= Psyché (Falla) =

Psyché is a 1924 work by the Spanish composer Manuel de Falla. It is scored for voice and chamber ensemble.

The piece reflects Falla's international links. The text by Georges Jean-Aubry, who worked for Falla's London publisher, is in French. It can also be seen as part of a neoclassical phase in the composer's work, like for example the harpsichord concerto. Apart from choosing a classical subject for the text, Falla uses a musical style which references 18th-century music. Apparently, Falla imagined a performance in the 18th century in which the classical story is told in the Peinador de la Reina (Queen's Dressing Room), a location in the Alhambra.

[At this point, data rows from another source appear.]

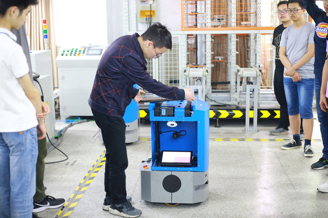 接下来,实验室中两位学长分别演示了智能立体仓库的工作方式,以及装载AGV小车的运行方式。展示精彩而有趣,使同学们在互动中更加直观的看到智能生产线的简洁高效,也领略到了科研的趣味性。
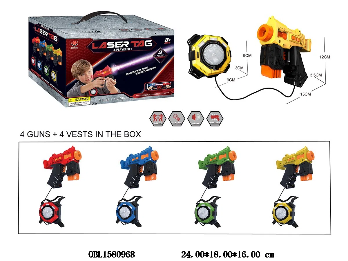 4支庄电动对战枪套装带灯光声音 总12*AAA无包电 4色混装
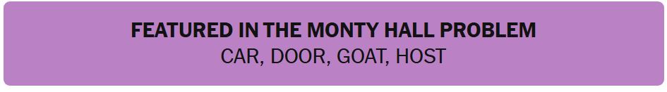- FEATURED IN THE MONTY HALL PROBLEM – CAR, DOOR, GOAT, HOST
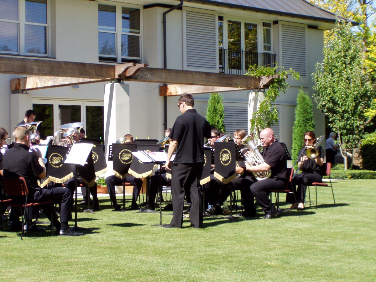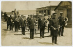 A brass band, possibly Sumner Brass Band, playing in gardens.
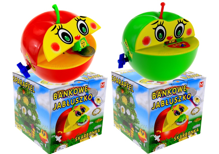 Hranilnik s samodejnim pobiranjem kovancev. Samo položite kovanec v prostor z oznako GOTOVINA in rahlo pritisnite, nasmejani črv se bo nagnil iz jabolka in kovanec odnesel do jabolka.

The work was composed in Granada, where the composer had settled. It was first performed in 1925 in Barcelona's Palau de la Música Catalana as part of a concert given by the Orquesta Betica de camara de Sevilla (this was an Andalusian orchestra, formed a couple of years earlier, to which the composer had links). The composer directed several of his works at the concert, including Psyché which was performed by:
- Singer: María Josepa Regnard
- Harp: Raquel Marti
- Flute: Miguel Perez
- Violin: Fermin Perez
- Viola: Fernando Romero
- Cello: Segismundo Romero

==Publication==
Psyché was published by the composer's London publisher J. & W. Chester, Ltd. in 1927.